Inequality and Organizations: Finally Someone Speaking My Language!

I have talked here before about how shocked I am that org theory so rarely engages ideas of inequality. I mean, we even call structural racism institutional racism. The word institutional is right there! Why so little theorizing about how institutions reproduce inequality or how they can be disrupted to, in turn, disrupt inequality? I’m not talking about theories that acknowledge institutional processes. Many great scholars do that. But most engage it theoretically while empirically analyzing at the individual, group or nation-state level. There’s little meso level analysis or organizations, organizational fields, org processes and the like.

I don’t know why that is. But I’ve even bugged Fabio Rojas over at orgtheory.net about it before. People are doing it but it doesn’t seem to have a sustained research focus.

A colleague forwarded me a CFP for a conference that seems to feel the way I feel:

 

Although the relevance of organizational research to societal problems has been a heated debate for at least a decade and has generated a proliferation of polemics and prescriptions (Starkey & Madan, 2001, Hinings & Greenwood, 2002, Gulati, 2007, Lorsch, 2009, Dover & Lawrence, 2010), organizational scholars have not produced sufficient systematic empirical and theoretical examinations of social inequality, and especially of how organizations and institutions contribute to or mitigate inequality.

A critical way in which organizational scholars can contribute to a better understanding of social inequality is through an examination of the roles played by organizations and institutions in producing, reproducing, and lessening social inequality. An institutional perspective on these issues would highlight the ways in which social rules, beliefs, norms, values and practices are mediated through formal organizations to reinforce or challenge social inequality.  It would further highlight the institutional work of individual and organizational actors in the formation, ongoing operation, and potential transformation of institutions that include certain groups, while excluding others, reinforce unequal access to power and decision-making mechanisms, and provide freedom and wealth to some parts of society, while impoverishing and constraining others.

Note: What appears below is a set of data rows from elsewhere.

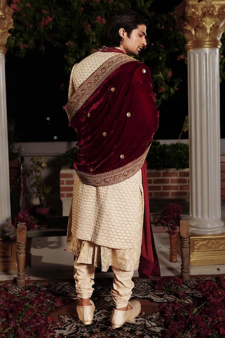 Ivory sherwani with geometric embroidery in moti highlights. Paired with kurta, churidar & dupatta.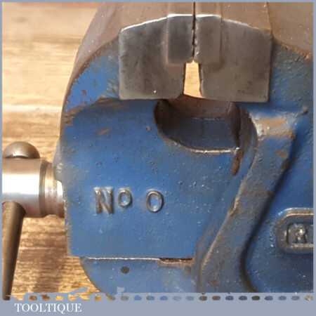 Vintage Record No: 0 engineer’s cast steel bench vice with 2 ½” jaws in good used condition.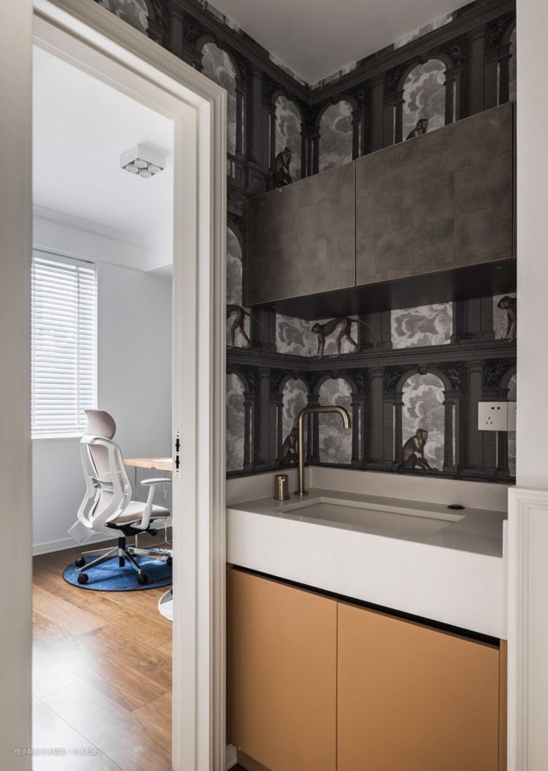 走廊尽头书房门外配置的茶水柜,工作繁忙之时也要记得多喝水,设备阳台 兼备功能和美观一体,防水防晒的铝合金柜子造型丰满充实。

I went to no fewer than five conferences this year. One of which was one I organized and convened. I am broke and broken as a result. Conferencing is hard work.  But this is too good to pass up. I’m playing it cool in my cover letter but don’t think I’m above bribery. An excerpt from my giddy abstract, written giddidly:

Why a gendered analysis of for-profit higher education? In 2000, the for-profit college sector accounted for 3 percent of all enrolled undergraduates in the United States. In 2009, the sector accounted for 9 percent, or 1.2 million students. That makes for-profits the fastest growing sector of higher education. For-profit colleges are more expensive than all but the most elite private degrees with relatively non-existent admissions criteria. As a consequence of their open admissions and access to federal student loan programs, for-profit colleges have grown quickly and millions of students have accumulated large amounts of debt attending them. Almost 70 percent of those students are women. Despite this, it is difficult to interrogate why so many women enroll in expensive for-profit degree programs because the dominant market morality – the social construction of economic market processes as inherently right and natural (Polanyi 1957) – casts individual actors as education consumers while ignoring the organizational forces that constrain individual decision-making. A gendered analysis redresses this theoretical limitation and provides the best way to answer these questions: 1) why are so many women enrolled in for-profit colleges and 2) under what conditions are the social and economic outcomes of women in for-profit colleges shaped by the organizational processes of the sector of higher education in which they participate?